Regarding the error reported by chilliq:
TypeError: ufunc 'isfinite' not supported for the input types, and the inputs
could not be safely coerced to any supported types according to the casting
rule ''safe''
This can be produced if the DataFrame columns have "object" dtype when using fill_between. Changing the example column types and then trying to plot, as follows, results in the error above:
import numpy as np
import pandas as pd
import matplotlib.pyplot as plt
from scipy import stats
index = pd.date_range(start='2000-1-1', end='2015-1-1', freq='M')
N = len(index)
poisson = (stats.poisson.rvs(1000, size=(N,3))/100.0)
poisson.sort(axis=1)
df = pd.DataFrame(poisson, columns=['lwr', 'Rt', 'upr'], index=index)
dfo = df.astype(object)
plt.fill_between(df0.index, df0.lwr, df0.upr, facecolor='blue', alpha=.2)
plt.show()
From dfo.info() we see that the column types are "object":
<class 'pandas.core.frame.DataFrame'>
DatetimeIndex: 180 entries, 2000-01-31 to 2014-12-31
Freq: M
Data columns (total 3 columns):
lwr 180 non-null object
Rt 180 non-null object
upr 180 non-null object
dtypes: object(3)
memory usage: 5.6+ KB
Ensuring that the DataFrame has numerical columns will solve the problem. To do this we can use pandas.to_numeric to convert, as follows:
dfn = dfo.apply(pd.to_numeric, errors='ignore')
plt.fill_between(dfn.index, dfn.lwr, dfn.upr, facecolor='blue', alpha=.2)
plt.show()

I got similar error while using fill_between:
ufunc 'bitwise_and' not supported
However, in my case the cause of error was rather stupid.
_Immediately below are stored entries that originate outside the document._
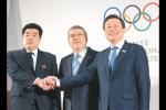 圖為1月20日,韓國代表團團長都鐘煥(右)和朝鮮代表團團長金一國在國際奧委會主席巴赫(中)主持的歡迎儀式上握手。……
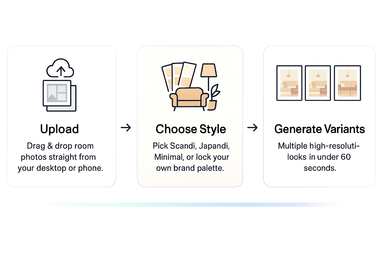 Our AI keeps walls, windows, doors, and proportions true to life while refreshing colours, materials, lighting mood, and furnishings. Use alongside the originals and clearly label as concept visuals.
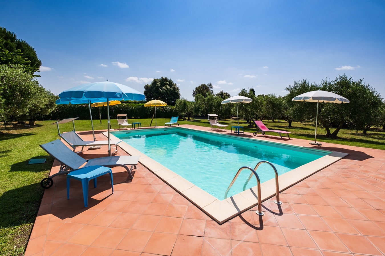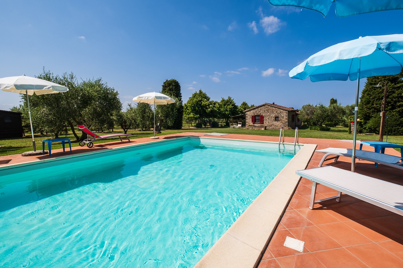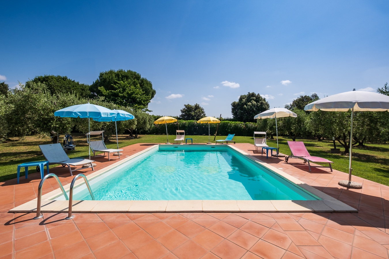 Eine weitere Annehmlichkeit ist die herrliche Poolanlage (11 x 6 Meter) mit Sonnenwiese und Schattenzone, die ausreichend Raum und Ruhe zum Entspannen bietet. Darüber hinaus ist die Lage des Hauses absolut ideal und in Kürze erreicht man nicht nur das Meer, sondern auch Bolgheri, wo die berühmten Rotweine erzeugt werden sowie Golfo di Baratti mit seinen herrlichen Naturparks etc.

I was passing color parameter but without explicit argument name which caused it to be #4 parameter called where. So simply making sure keyword parameters has key solved the issue:
ax.fill_between(xdata, highs, lows, color=color, alpha=0.2)
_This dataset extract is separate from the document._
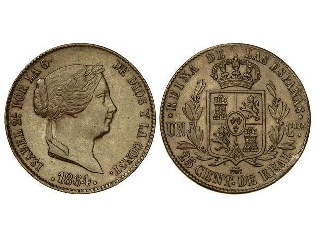 25 Céntimos de Real. 1864. SEGOVIA. Cal-599. EBC.

I think none of the answers addresses the original question, they all change it a little bit.
If you want to plot timdeltas you can use this workaround
ax = df.Rt.plot()
x = ax.get_lines()[0].get_xdata().astype(float)
ax.fill_between(x, df.lwr, df.upr, color="b", alpha=0.2)
plt.show()
This work sin your case. In general, the only caveat is that you always need to plot the index using pandas and then get the coordinates from the artist. I am sure that by looking at pandas code, one can actually find how they plot the timedeltas. Then one can apply that to the code, and the first plot is not needed anymore.

Related

How to apply best fit line to time series in python

I am trying to apply a best fit line to time series showing NDVI over time but I keep running into errors. my x, in this case, are different dates as strings that are not evenly spaced and y is the NDVI value for use each date.
When I use the poly1d function in numpy I get the following error:
TypeError: ufunc 'add' did not contain a loop with signature matching types
dtype('<U32') dtype('<U32') dtype('<U32')
I have attached a sample of the data set I am working with
# plot Data and and models
plt.subplots(figsize=(20, 10))
plt.xticks(rotation=90)
plt.plot(x,y,'-', color= 'blue')
plt.title('WSC-10-50')
plt.ylabel('NDVI')
plt.xlabel('Date')
plt.plot(np.unique(x), np.poly1d(np.polyfit(x, y, 1))(np.unique(y)))
plt.legend(loc='upper right')
Any help fixing my code or a better way I can get the best fit line for my data?
When I apply a best fit line to time series data, I create an evenly spaced line that represents the dates to simplify the regression. So I use np.linspace() to create a set of intervals equal to the number of dates.
Code:
from io import StringIO
import pandas as pd
import numpy as np
import matplotlib.pyplot as plt
data = StringIO("""
date value
24-Jan-16 0.786
25-Feb-16 0.781
29-Apr-16 0.786
15-May-16 0.761
16-Jun-16 0.762
04-Sep-16 0.783
22-Oct-16 0.797
""")
df = pd.read_table(data, delim_whitespace=True)
# To read from csv use:
# df = pd.read_csv("/path/to/file.csv")
df.loc[:, "date"] = pd.to_datetime(df.loc[:, "date"], format="%d-%b-%y")
y_values = df.loc[:, "value"]
x_values = np.linspace(0,1,len(df.loc[:, "value"]))
poly_degree = 3
coeffs = np.polyfit(x_values, y_values, poly_degree)
poly_eqn = np.poly1d(coeffs)
y_hat = poly_eqn(x_values)
plt.figure(figsize=(12,8))
plt.plot(df.loc[:, "date"], df.loc[:,"value"], "ro")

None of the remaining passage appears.